Your assignment ::
Every entry should come back exactly as written, minus the pictures.

[Saved data entries]
......
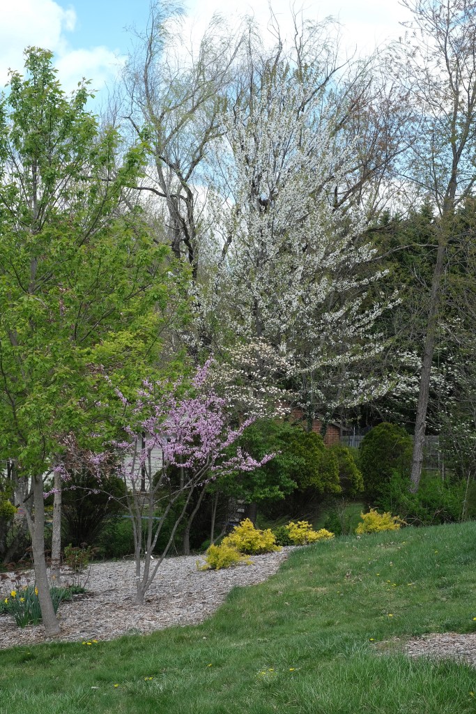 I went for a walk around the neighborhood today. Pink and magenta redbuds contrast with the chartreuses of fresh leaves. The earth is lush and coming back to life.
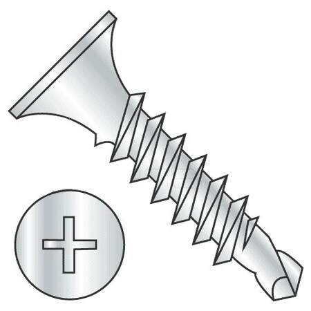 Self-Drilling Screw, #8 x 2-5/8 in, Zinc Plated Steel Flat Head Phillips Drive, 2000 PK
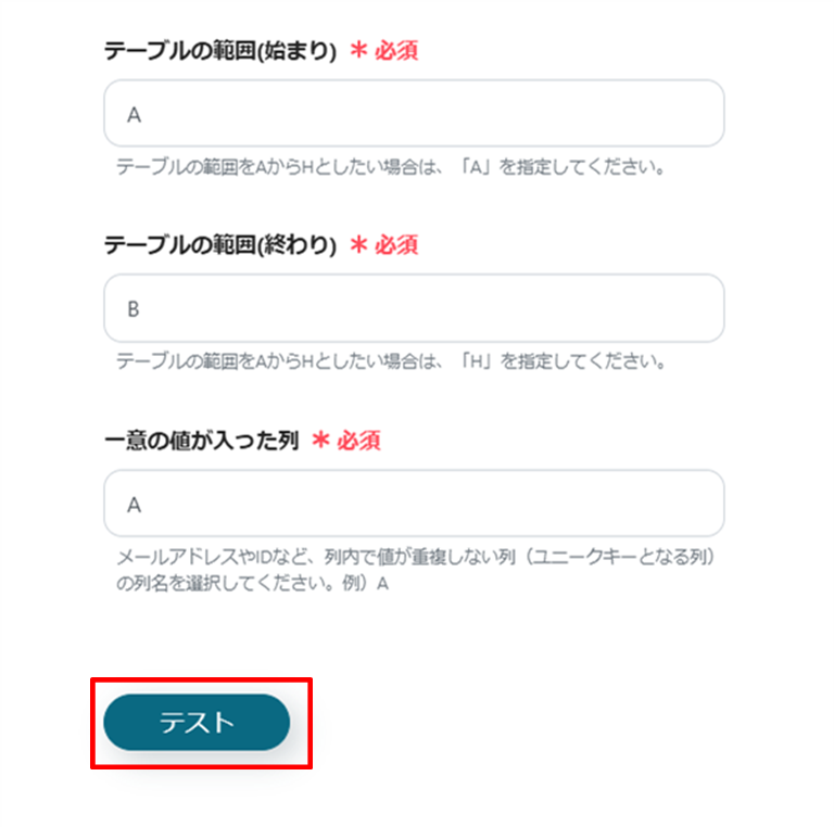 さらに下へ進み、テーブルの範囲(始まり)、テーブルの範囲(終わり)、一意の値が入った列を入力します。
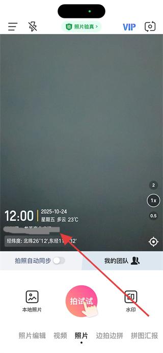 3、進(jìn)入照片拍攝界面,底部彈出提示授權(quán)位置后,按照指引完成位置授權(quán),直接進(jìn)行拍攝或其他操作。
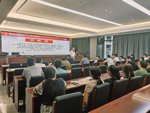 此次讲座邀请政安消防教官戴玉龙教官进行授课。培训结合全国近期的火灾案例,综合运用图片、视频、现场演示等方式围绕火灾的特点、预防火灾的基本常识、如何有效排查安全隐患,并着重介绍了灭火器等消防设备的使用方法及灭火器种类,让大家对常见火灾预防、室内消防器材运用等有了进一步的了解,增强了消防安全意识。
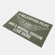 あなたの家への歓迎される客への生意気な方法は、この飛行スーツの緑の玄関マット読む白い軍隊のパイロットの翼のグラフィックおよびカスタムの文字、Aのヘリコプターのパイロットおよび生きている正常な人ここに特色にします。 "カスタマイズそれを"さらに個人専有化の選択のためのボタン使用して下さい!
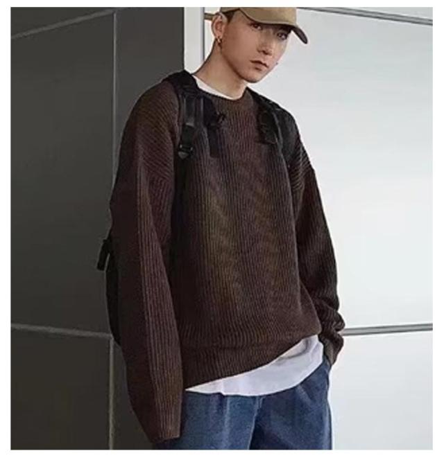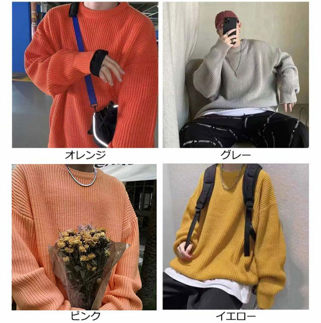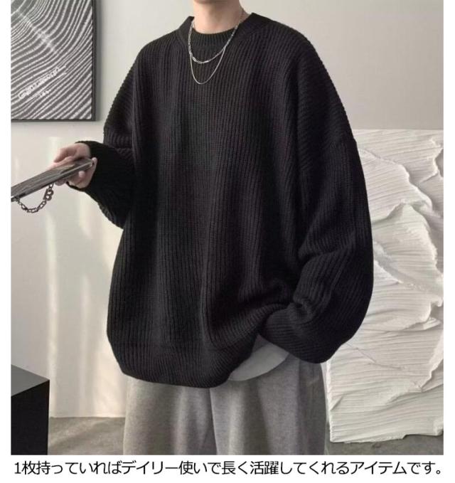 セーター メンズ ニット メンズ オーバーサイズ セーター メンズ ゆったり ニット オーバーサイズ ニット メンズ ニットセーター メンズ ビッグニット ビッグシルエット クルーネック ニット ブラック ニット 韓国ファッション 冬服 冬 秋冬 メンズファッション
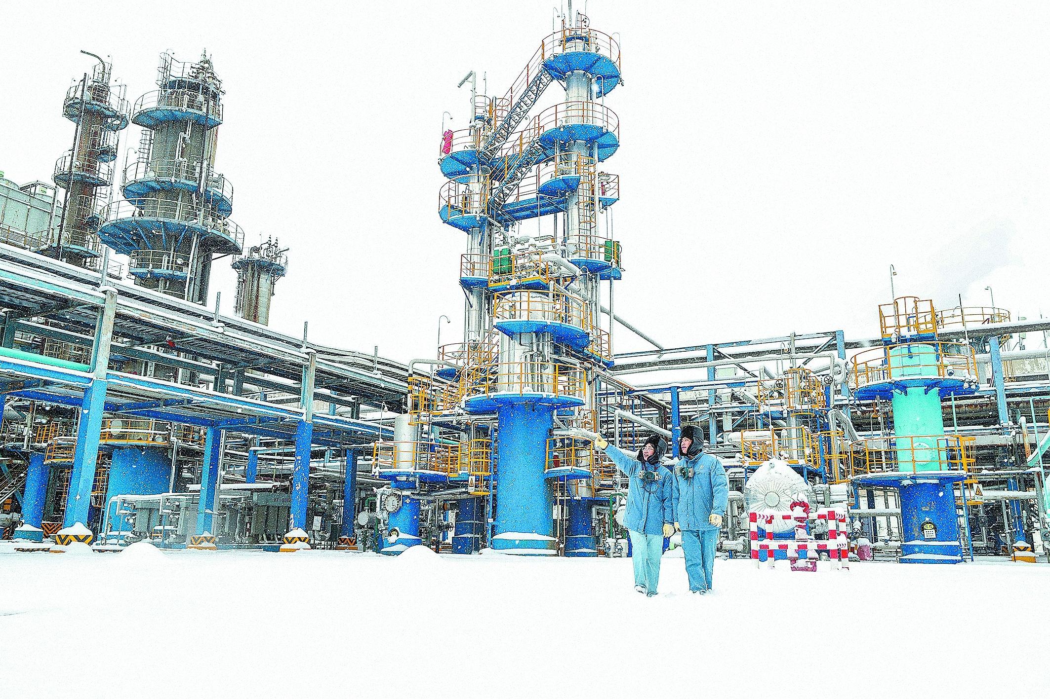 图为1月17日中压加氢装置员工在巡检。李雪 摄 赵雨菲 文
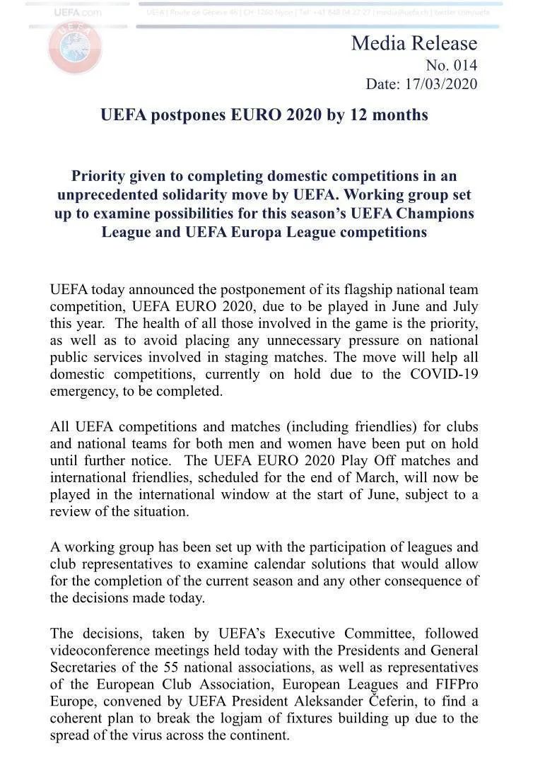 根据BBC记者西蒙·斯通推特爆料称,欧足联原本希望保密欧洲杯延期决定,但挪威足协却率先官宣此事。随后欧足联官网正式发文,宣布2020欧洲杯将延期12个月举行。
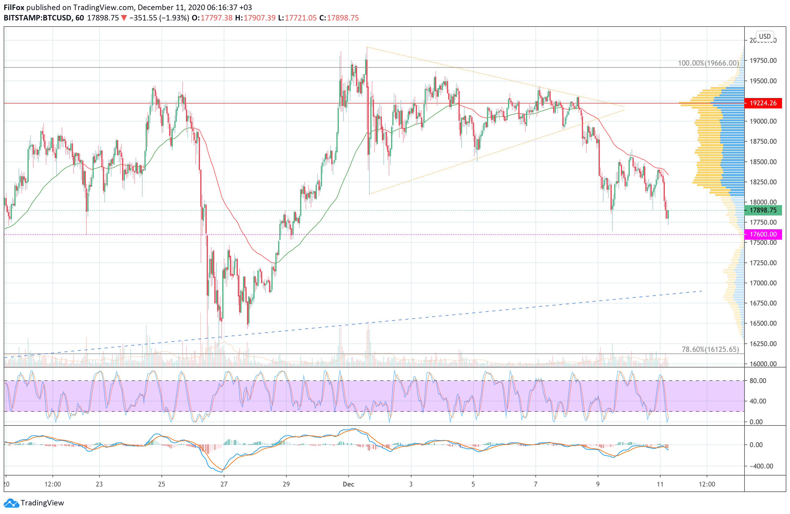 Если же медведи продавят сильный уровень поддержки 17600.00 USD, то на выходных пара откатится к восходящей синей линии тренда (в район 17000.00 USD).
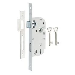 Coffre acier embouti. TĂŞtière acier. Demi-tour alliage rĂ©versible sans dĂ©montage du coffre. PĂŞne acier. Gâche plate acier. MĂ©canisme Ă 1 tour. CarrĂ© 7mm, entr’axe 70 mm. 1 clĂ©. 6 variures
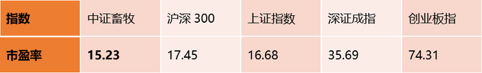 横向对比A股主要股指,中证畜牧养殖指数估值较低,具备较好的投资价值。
......
Your response ::
 I went for a walk around the neighborhood today. Pink and magenta redbuds contrast with the chartreuses of fresh leaves. The earth is lush and coming back to life.
 Self-Drilling Screw, #8 x 2-5/8 in, Zinc Plated Steel Flat Head Phillips Drive, 2000 PK
 さらに下へ進み、テーブルの範囲(始まり)、テーブルの範囲(終わり)、一意の値が入った列を入力します。
 3、進(jìn)入照片拍攝界面,底部彈出提示授權(quán)位置后,按照指引完成位置授權(quán),直接進(jìn)行拍攝或其他操作。
 此次讲座邀请政安消防教官戴玉龙教官进行授课。培训结合全国近期的火灾案例,综合运用图片、视频、现场演示等方式围绕火灾的特点、预防火灾的基本常识、如何有效排查安全隐患,并着重介绍了灭火器等消防设备的使用方法及灭火器种类,让大家对常见火灾预防、室内消防器材运用等有了进一步的了解,增强了消防安全意识。
 あなたの家への歓迎される客への生意気な方法は、この飛行スーツの緑の玄関マット読む白い軍隊のパイロットの翼のグラフィックおよびカスタムの文字、Aのヘリコプターのパイロットおよび生きている正常な人ここに特色にします。 "カスタマイズそれを"さらに個人専有化の選択のためのボタン使用して下さい!
 セーター メンズ ニット メンズ オーバーサイズ セーター メンズ ゆったり ニット オーバーサイズ ニット メンズ ニットセーター メンズ ビッグニット ビッグシルエット クルーネック ニット ブラック ニット 韓国ファッション 冬服 冬 秋冬 メンズファッション
 图为1月17日中压加氢装置员工在巡检。李雪 摄 赵雨菲 文
 根据BBC记者西蒙·斯通推特爆料称,欧足联原本希望保密欧洲杯延期决定,但挪威足协却率先官宣此事。随后欧足联官网正式发文,宣布2020欧洲杯将延期12个月举行。
 Если же медведи продавят сильный уровень поддержки 17600.00 USD, то на выходных пара откатится к восходящей синей линии тренда (в район 17000.00 USD).
 Coffre acier embouti. TĂŞtière acier. Demi-tour alliage rĂ©versible sans dĂ©montage du coffre. PĂŞne acier. Gâche plate acier. MĂ©canisme Ă 1 tour. CarrĂ© 7mm, entr’axe 70 mm. 1 clĂ©. 6 variures
 横向对比A股主要股指,中证畜牧养殖指数估值较低,具备较好的投资价值。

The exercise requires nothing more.